Liam Messam set for first appearance for Waikato since 2015 as Mooloos roll out young halves combo
Waikato will travel back down south this weekend to face Southland Stags at Rugby Park, Invercargill, in week 4 of the Mitre 10 Cup on Sunday afternoon.
Waikato head coach, Andrew Strawbridge, has made several changes to his matchday 23.
There are two changes to the tight five, Rob Cobb and James Thompson have been elevated from the bench to start at loosehead prop and lock, respectively. Cobb and Thompson inclusion to the starting XV has, Ollie Norris and Hamilton Burr, moving to the reserve for this match.
Waikato captain, Luke Jacobson, switches back to number 8 making room for brother Mitch to start in his preferred position of openside flanker.
In the backs, there is a new halves combination of halfback, Cortez Ratima, and flyhalf, Rivez Reihana. Regular starters, Xavier Roe and Fletcher Smith move to the reserves for this week.

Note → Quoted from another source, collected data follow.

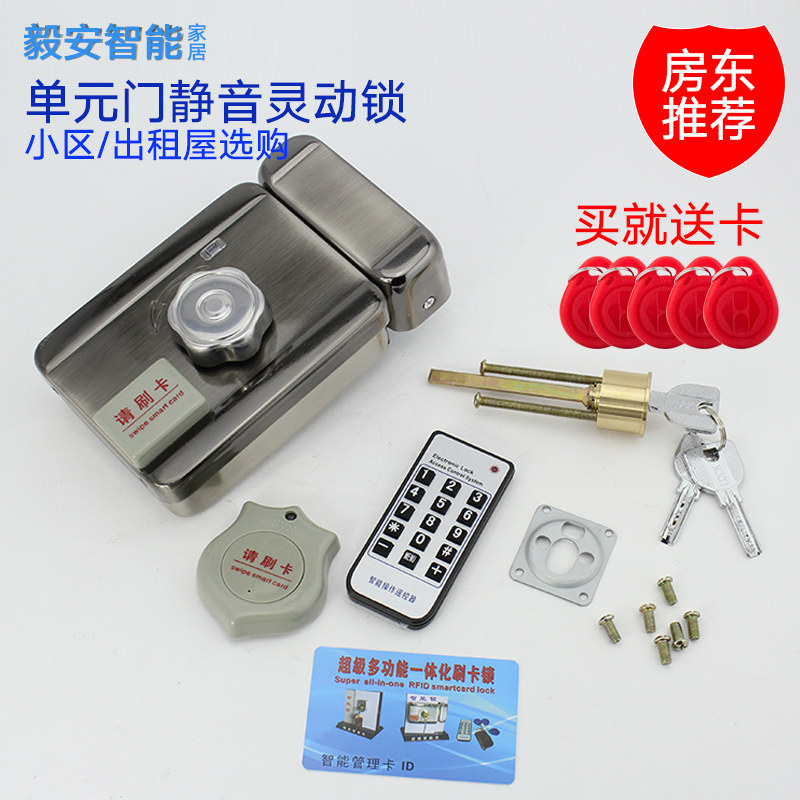 天猫毅安家居用品专营店,门禁电控锁单元门感应家用刷卡锁,刷卡 遥控开门 全金属外壳 12V-18V电压
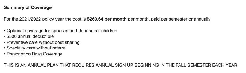 This could easily explain the dramatic spike, especially if they were expecting a high number of young undergrads this fall but ended up with a disproportionate number of older grad students instead. A handful of expensive enrollees, or a lot of enrollees ramping up utilization of services in the post-COVID world (yes, I know it's not over yet, but an awful lot of people seem to think it is) could easily skew the risk pool as demonstrated above.
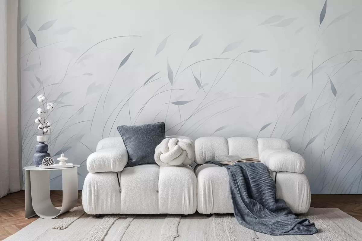 Τοιχογραφίες Γρασίδι στον άνεμο σε ακουαρέλα με αποχρώσεις του μπλε Nr. w09331v2
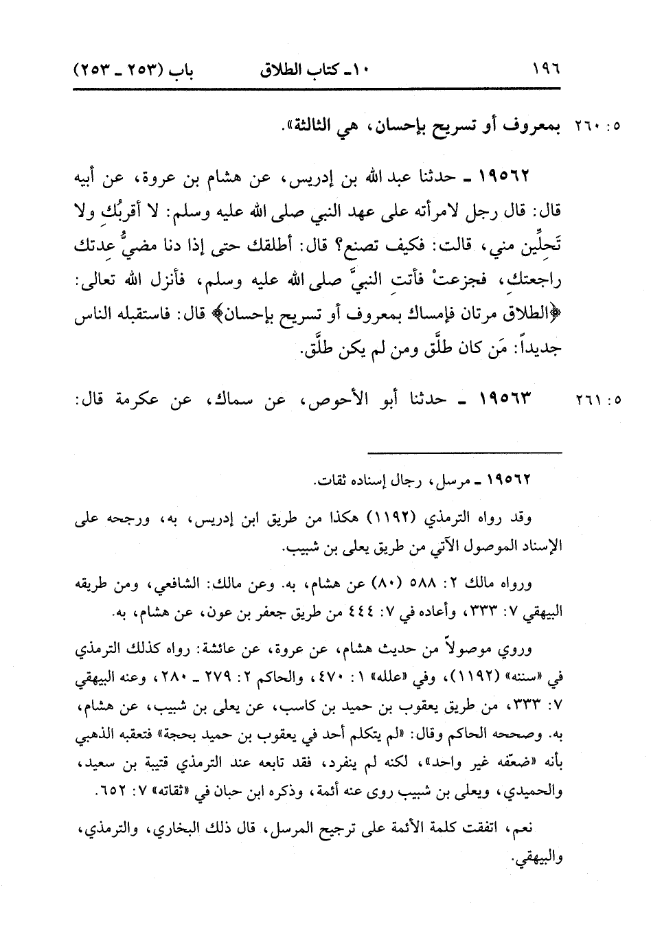 19563- حَدَّثَنَا أَبُو الأَحْوَصِ , عَنْ سِمَاكٍ , عَنْ عِكْرِمَةَ قَالَ : {الطَّلاَقُ مَرَّتَانِ فَإِمْسَاكٌ بِمَعْرُوفٍ أَوْ تَسْرِيحٌ بِإِحْسَانٍ} قَالَ : إذَا أَرَادَ الرَّجُلُ أَنْ يُطَلِّقَ امْرَأَتَهُ فَيُطَلِّقُهَا تَطْلِيقَتَيْنِ ، فَإِنْ أَرَادَ أَنْ يُرَاجِعَهَا كَانَتْ لَهُ عَلَيْهَا رَجْعَةٌ ، وَإِنْ شَاءَ طَلَّقَهَا أُخْرَى فَلاَ تَحِلُّ لَهُ حَتَّى تَنْكِحَ زَوْجًا غَيْرَهُ. (5/261).
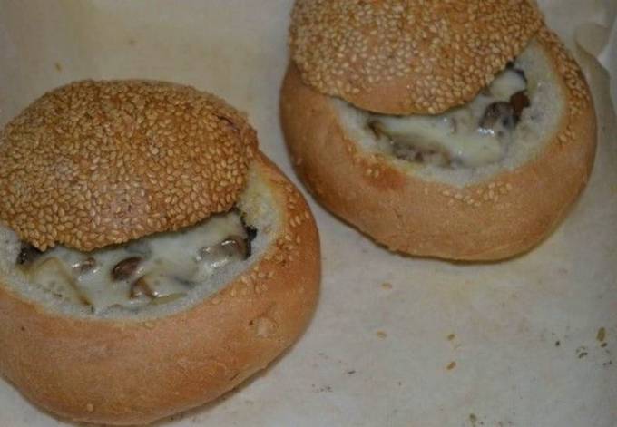 Za julienne koristimo klasične sastojke - gljive, vrhnje i sir. No, poslužujemo jelo ne u uobičajenim limenkama, već u lepinjama. Vrlo praktično - hrskava vruća lepinja odlično se slaže s kremastim julienneom. I vrlo estetski - kompozicija izgleda ukusno i nevjerojatno atraktivno.
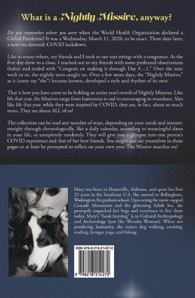 What is a Nightly Missive, anyway? Do you remember where you were when the World Health Organization declared a Global Pandemic? It was a Wednesday; March 11, 2020, to be exact. Three days later, a new era dawned: COVID lockdown. Like so many others, my friends and I took to our text strings with a vengeance. Over the next week or so, the nightly texts caught on. Over a few more days, the "Nightly Missive," as it (some say "she") became known, developed a style and rhythm of its own. That is how you have come to be holding an entire year's worth of Nightly Missives. Like life that year, the Missives range from humorous to sad to encouraging to mundane. Also like life that year, while they were inspired by COVID, they are, in fact, about so much more. They are about ALL of us! The Nightly Missive will give you a glimpse into one person's COVID experience and that of her best friends. You might just see yourselves in these pages or at least be prompted to reflect on your own year. The Missive marches on!

Bailyn Sullivan, moves into the midfield to start at outside centre combining with Louis Rogers to make up this week’s centre’s pairing. Sullivan’s shift to the midfield sees, Valynce Te Whare, being named to start on the right wing. Te Whare has earned his first start of the season after a couple of impressive performances from the bench in recent weeks.
Finally, in the reserves, the only notable changes have been the inclusion of Liam Messam and Matty Lansdown. Both players have a chance to play their first games for Waikato in this year’s campaign via the bench.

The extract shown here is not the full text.